The development of solid-state manometry catheters with closely spaced sensors has allowed us to measure pressure from the pharynx to the gastroesophageal junction (GEJ) simultaneously. The recording is displaced as a Clouse plot, named after the pioneer, or as more commonly referred, high-resolution esophageal pressure topography or isobaric contour plots. Clouse plots are similar to the topographic charts used to show geographic elevation. Use of color allows for quicker interpretation of pressure, with cooler colors indicating low-pressure and warmer colors indicating high-pressure zones ( Fig. 22.1 , Table 22.1 ). The Chicago Classification (see Table 22.1 ) has standardized the diagnostic parameters for esophageal motility disorders in adults and improved interrater reliability. However, its application in younger, pediatric patients requires more evaluation. There is still a lack of normative data in children, in part because of changes in motility with the increase in length of the esophagus with age, poor patient cooperation leading to artifact, and changes in neurologic and developmental maturation of esophageal function. ^, Differences between the adult and pediatric parameters have not been elucidated. Furthermore, maturation of the peristaltic chain may continue through the toddler years. Even identifying complete swallows can be challenging based on work done by Staiano and colleagues, who showed that the first pressure segment is not always clearly discernible in young infants.

TABLE 22.1

Esophageal Pressure Topography Metrics

Adapted from Gyawali CP, Bredenoord AJ, Conklin JL, et al. Evaluation of esophageal motor function in clinical practice. Neurogastroenterol Motil . 2013;25(2):99–133.

EPT Metric	Definition	Conventional Manometry Correlate
Integrated relaxation pressure (mm Hg)	Lowest mean EGJ pressure for 4 contiguous or noncontiguous seconds of relaxation over a 10-s period (>15 mm Hg is abnormal).	LES relaxation measured with best estimate position through the EGJ (>8 mm Hg is abnormal).
Peristaltic breaks (cm), peristaltic integrity	Gap in the 20 mm Hg isobaric contour of the peristaltic contraction between the UES and EGJ, measured in axial length.
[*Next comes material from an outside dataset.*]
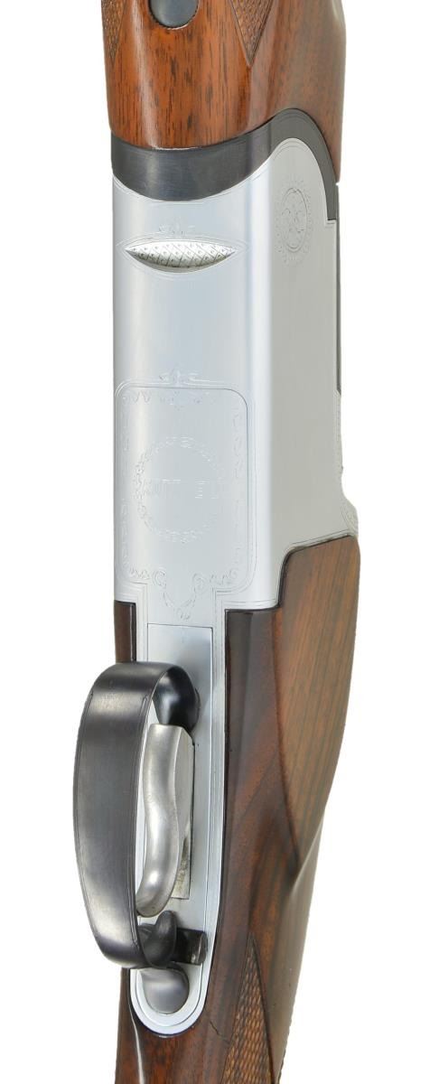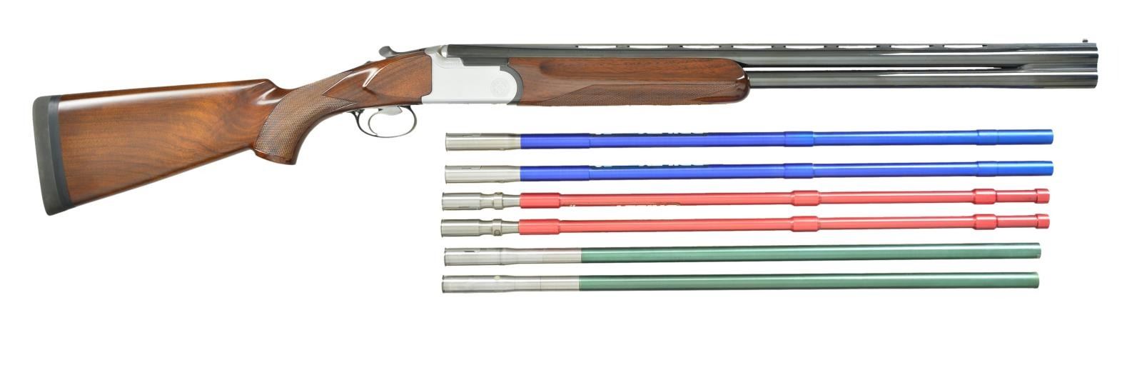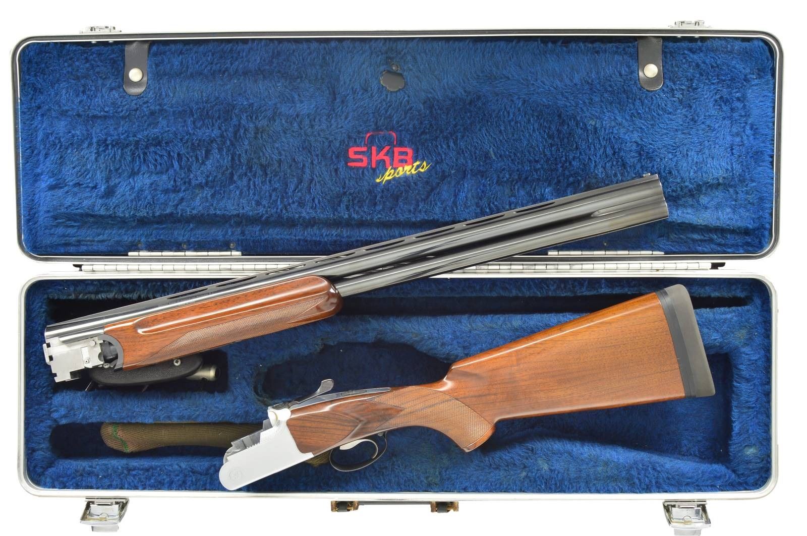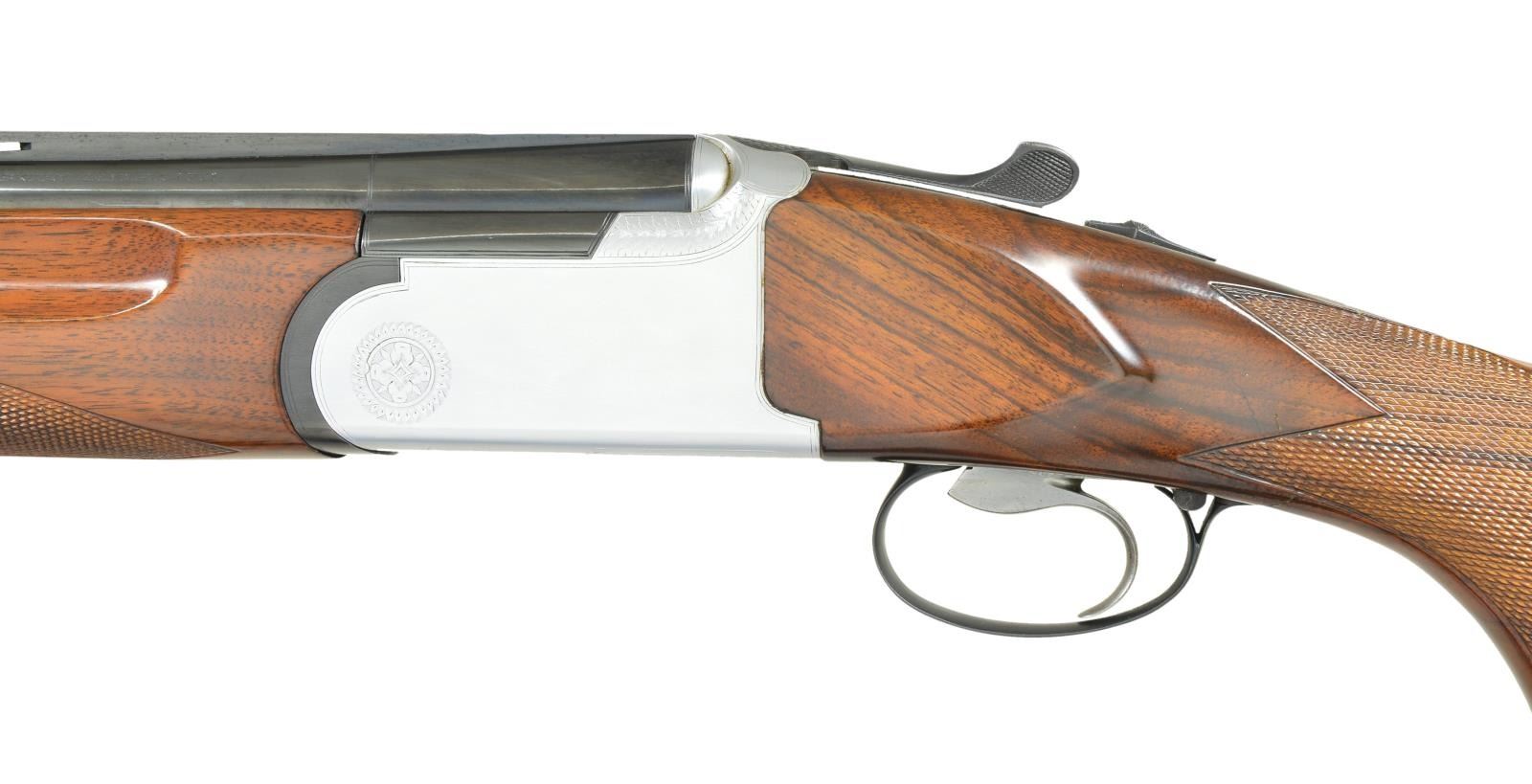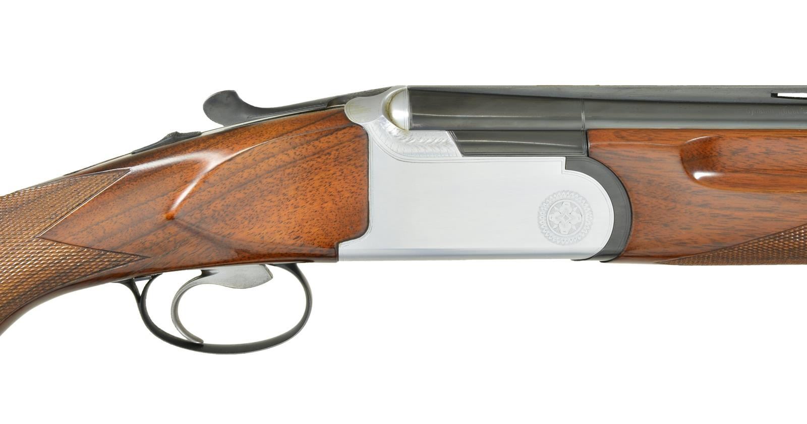 BRILEY TUBE SET & CARRYING CASE. Cal. 12 Ga. 2 3/4". S# 76563. Bbls. 26 3/4" w/ fixed skeet chokes are fitted w/ matted ventilated rib & have no side ribs. Model, importer & "Made in Italy" are on top bbl. either side of rib. Bbl. flats are stamped w/ 1984 Italian nitro-proofs for 2 3/4" chambers. Coin finished low profile action is fitted w/ single selective trigger in removable trigger group. Action is engraved w/ line borders & a few bits of scroll w/ "ROTTWEIL" on the bottom. Relatively plain European walnut pistol grip stock measures 14 5/8" over black Decelerator pad on 1/4" spacer. Point pattern checkering is at grip. Matching target forend has Deeley type release. UNATTACHED ACCESSORIES: gun is housed in black plastic "SKB Sports" case w/ Winchester Ammunition circular label on top. Owner's name is on plate at front. Interior is lined in blue fur. Top compartment contains Briley 3 ga. tube set. Divider is embroidered "SKB Sports". Bottom compartment contains tube installation tools & wrenches for choke tubes (not present). Case also contains a black "Old English" pad. CONDITION: fine to very fine. Bbls. retaining over 95% blue w/ sharp edge wear. Action retains nearly all of its coin finish, possibly cleaned up. Stocks retain most of a shiny new varnish. Pad is relatively new. There is a 1 1/2" stress crack on left side action area running from rear trigger guard up toward top which flexes slightly. Case is fine w/ scratches & rubs. Interior cloth is soiled. Tubes are generally fine. (22-2106/MGM). MODERN. $1,200-1,800.

Small defect: 2–5 cm in length. Large defect: 5 cm in length.	Uses the 30 mm Hg amplitude at positions 3 and 8 cm above the LES to distinguish a swallow as ineffective (abnormal if <30 mm Hg).
DCI (mm Hg-s-cm)	Amplitude-duration-length (mm Hg-s-cm) of the distal esophageal contraction greater than mm Hg from proximal to distal pressure troughs. Hypertensive: mean DCI of 10 swallows >5000. Hypercontractile: at least one swallow with a DCI >8000.	Average of 10 swallows at two recording sites positioned 3 and 8 cm above the LES. Nutcracker >180 mm Hg. Revised definition >220–260 mm Hg.
Contractile front velocity (cm s ⁻¹ )	Slope of the tangent approximating the 30 mm Hg isobaric contour between the proximal pressure trough and the CDP (>9 cm s ⁻¹ ) is abnormal.	Peristaltic progression from the UES to the LES at a rate of 2–8 cm s ⁻¹ ).
Distal latency (s)	Interval between UES relaxation and the CDP (<4.5 s is abnormal).	No correlate in conventional manometry.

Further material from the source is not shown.